Авдотья явилась к Шумскому не тотчас. Он долго ждал ее, нетерпеливо и досадливо бродя по своим горницам. Когда мать появилась в дверях, он не выдержал и выговорил сердито:
– Чего же ты не идешь! Я тебя час жду!
– Не могла, родной мой, никаким образом не могла, – заговорила она, запыхавшись. – Да и теперь не держи меня, нехорошо. Настасья Федоровна знает, что ты за мной присылал.
– Ну, и черт ее подери! – воскликнул Шумский, топнув ногой.
– Ох, полно. Ты все свое. А ты вот скажи-ка лучше, что было. Ведь граф вызывал ее. Она у него два раза была. Утром часа три сидела у него, да покуда ты гулять изволил, опять сидела.
– Ну, – выговорил Шумский нетерпеливо и с изумлением, ясно написанном на лице, – что же?
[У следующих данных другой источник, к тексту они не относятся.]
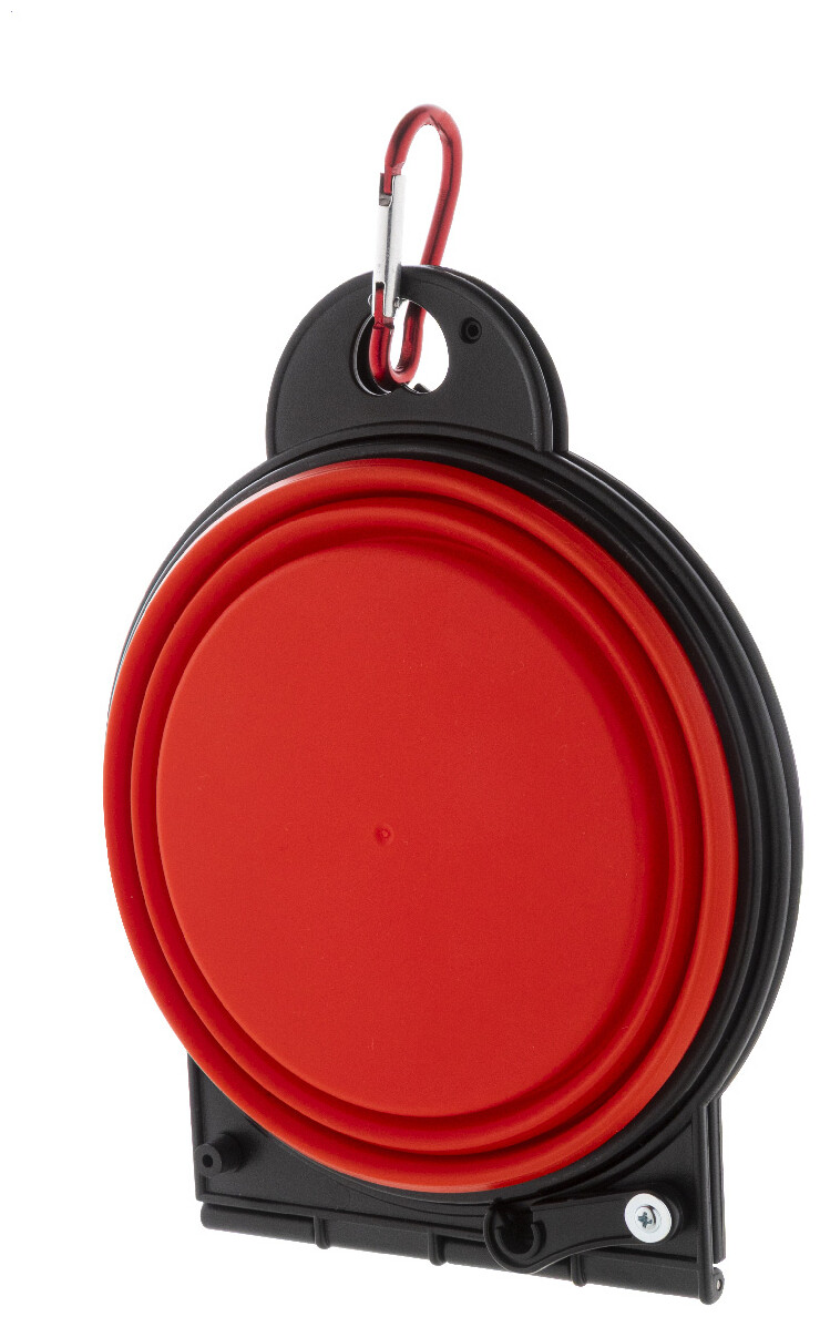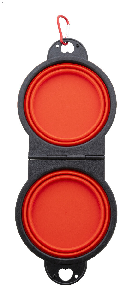 Skládací miska pro domácí mazlíčky z odolného TPE se dvěma přihrádkami o objemu 450 ml a barevně sladěnou hliníkovou karabinou.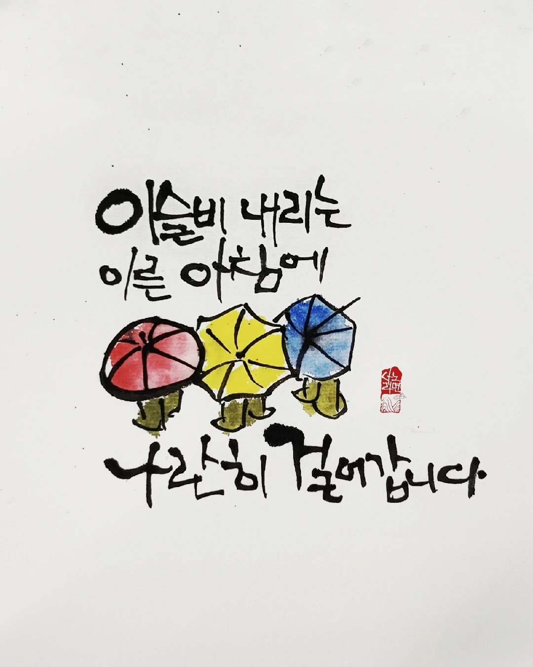 그래도 우산이 마주 보고 도란도란 걷는 아이들 등하교 시간은 여전히 귀여운 모습들이 흐믓합니다.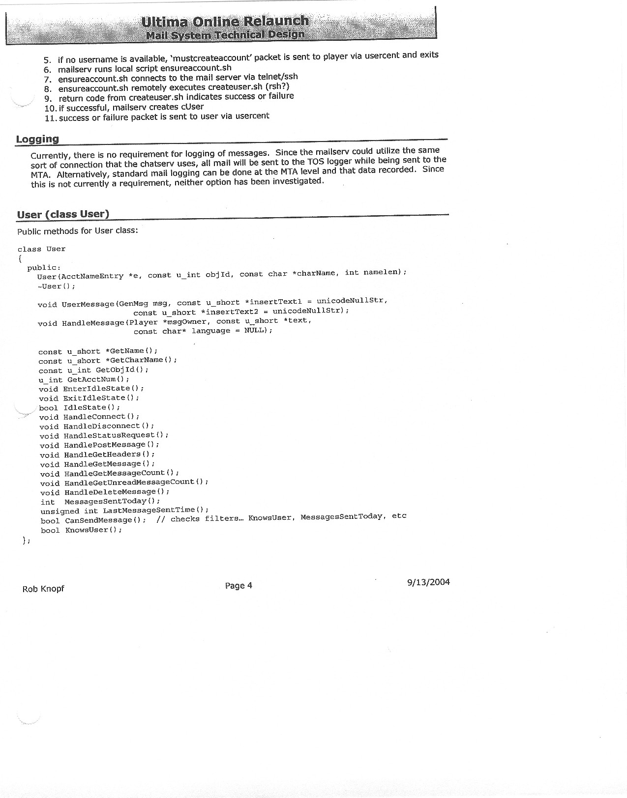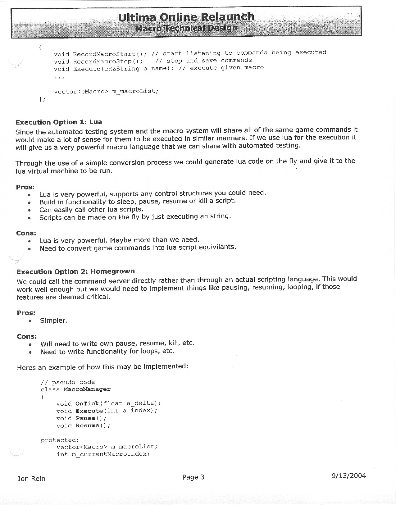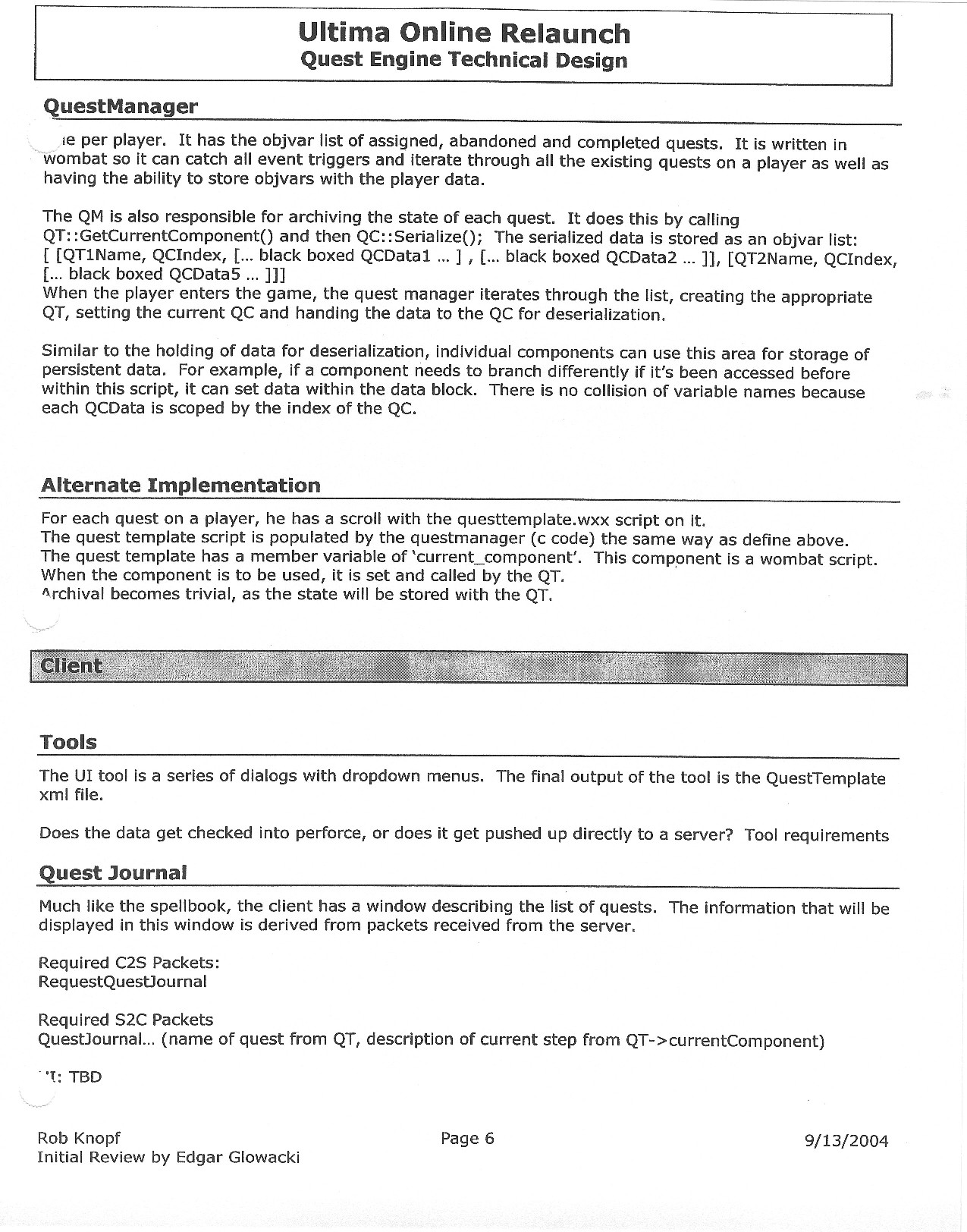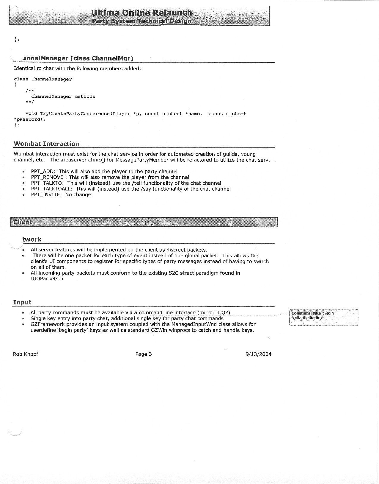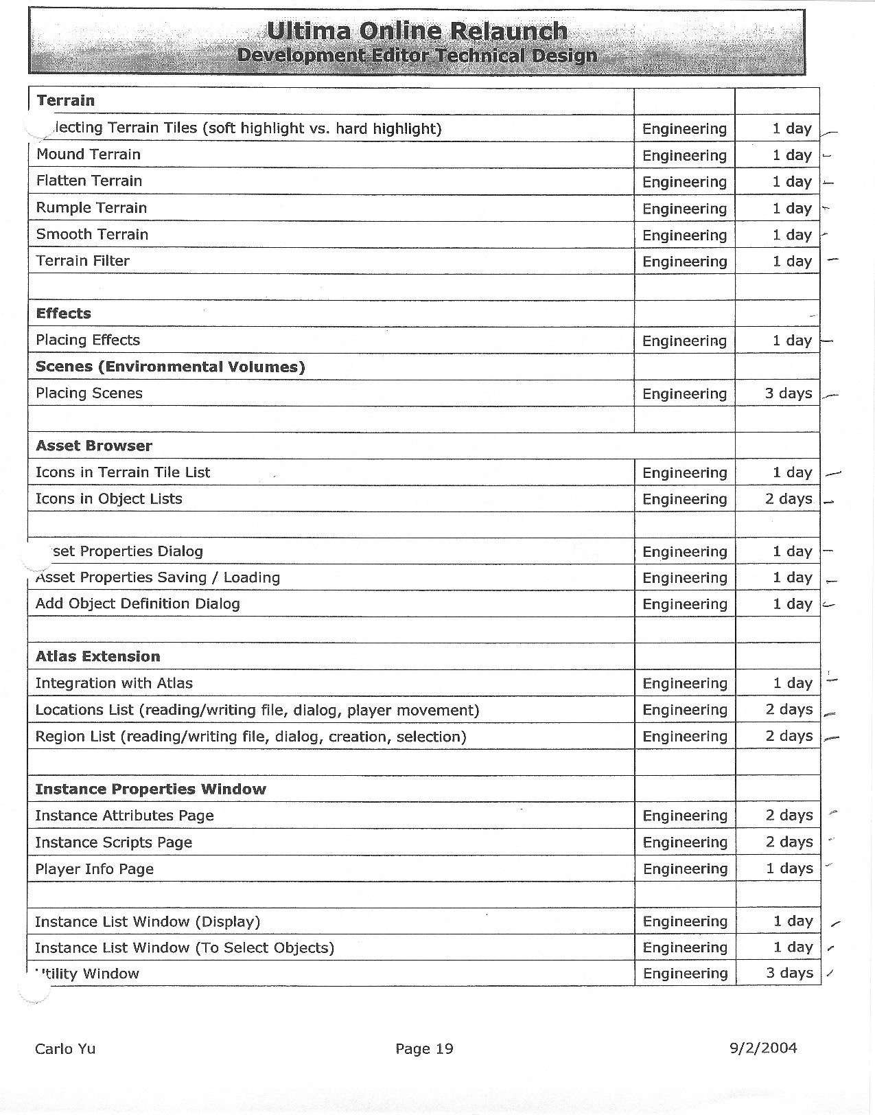 This document is dense, and disucsses almost all the technical details that would have concerned the Ultima Online 2 development team. Early in the document, for example, a comparison of different game engine technologies is performed, and it would appear that Maxis’ GZ engine (which powered The Sims 2, for example) had been chosen as the engine that would power the game. (The Renderware engine was chosen as a backup plan.) Later on in the document, the intentory UI and paperdolling system get discussed.

– То-то… Ты вот все свое, а он-то свое. Ты вот думал, – понизив голос почти до шепота прибавила Авдотья, – полагал все, он ее шаркнет из Грузина, во веки вечные на глаза не пустит, а оно вон что…
– Да что? Что?
– А то, что просидемши у него долгое время, пришла она к себе на половину, рукой не достанешь. Правда лицо, малость, красное, глаза вздутые, видать, что ревела, видать, что в ногах валялась. Два пятнышка на черном платье. На коленках стояла, да забыла обтереть. А полы-то у графа чистые, через день моют. Стало, посуди ты, сколько же она елозила перед ним по полу, коли платьишко протерла. Да, вон оно что! – говорила Авдотья совершенно серьезно, перерывая слова вздохами.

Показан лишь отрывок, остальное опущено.